■ **Your instructions**
Give back the whole listing exactly as written, leaving out each picture.

■ **Data section**
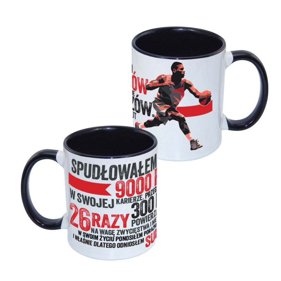 Ten kubek to jak rzut w kluczowym momencie – idealny dla każdego fana koszykówki, który przypomina sobie, że sukces to efekt wytrwałości i podnoszenia się po porażkach.
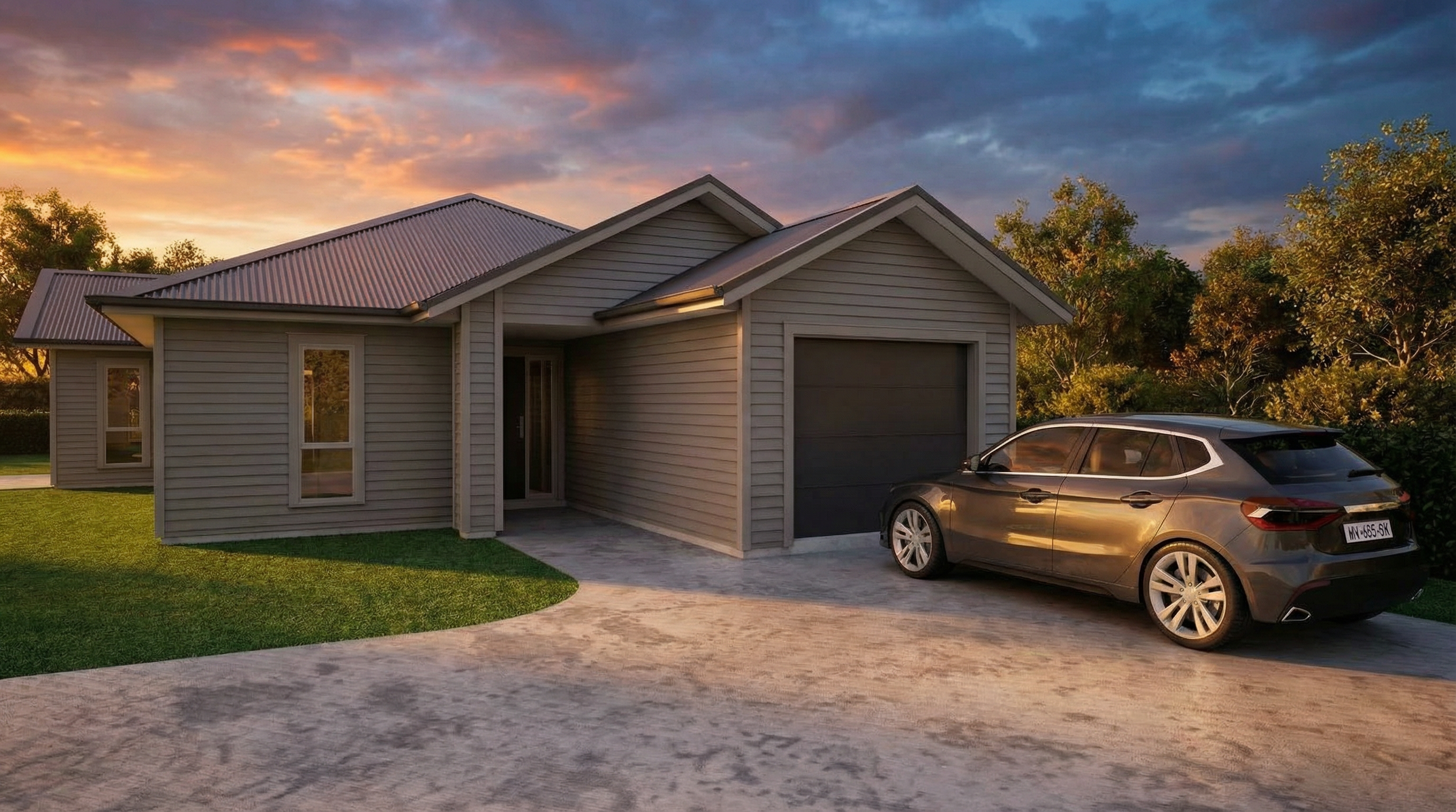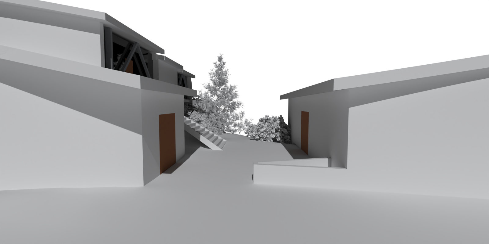 render the buildings in this image with soft textures the roofs are textured corrugated metal the walls are light wood like a cabin render the image so it architectural dimension overlay make it look like a technical sketch with loose watercolor washes and white paper soft unfinished fade around edges
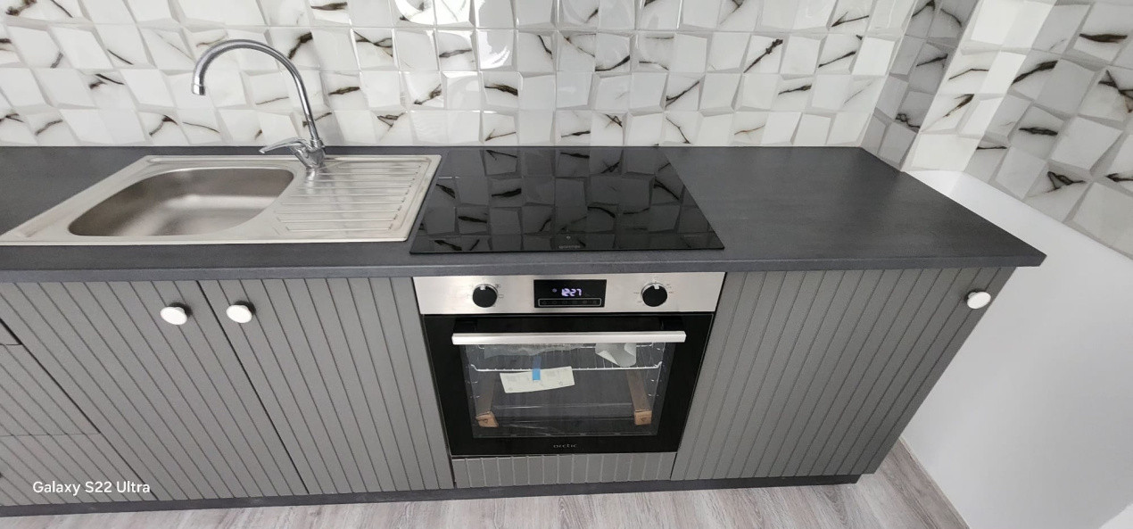 Living generos + dormitor, bucătărie deschisă complet mobilată și utilată (plită, hotă, mașină de spălat)

■ **Answer for this exercise**
 Ten kubek to jak rzut w kluczowym momencie – idealny dla każdego fana koszykówki, który przypomina sobie, że sukces to efekt wytrwałości i podnoszenia się po porażkach.
 render the buildings in this image with soft textures the roofs are textured corrugated metal the walls are light wood like a cabin render the image so it architectural dimension overlay make it look like a technical sketch with loose watercolor washes and white paper soft unfinished fade around edges
 Living generos + dormitor, bucătărie deschisă complet mobilată și utilată (plită, hotă, mașină de spălat)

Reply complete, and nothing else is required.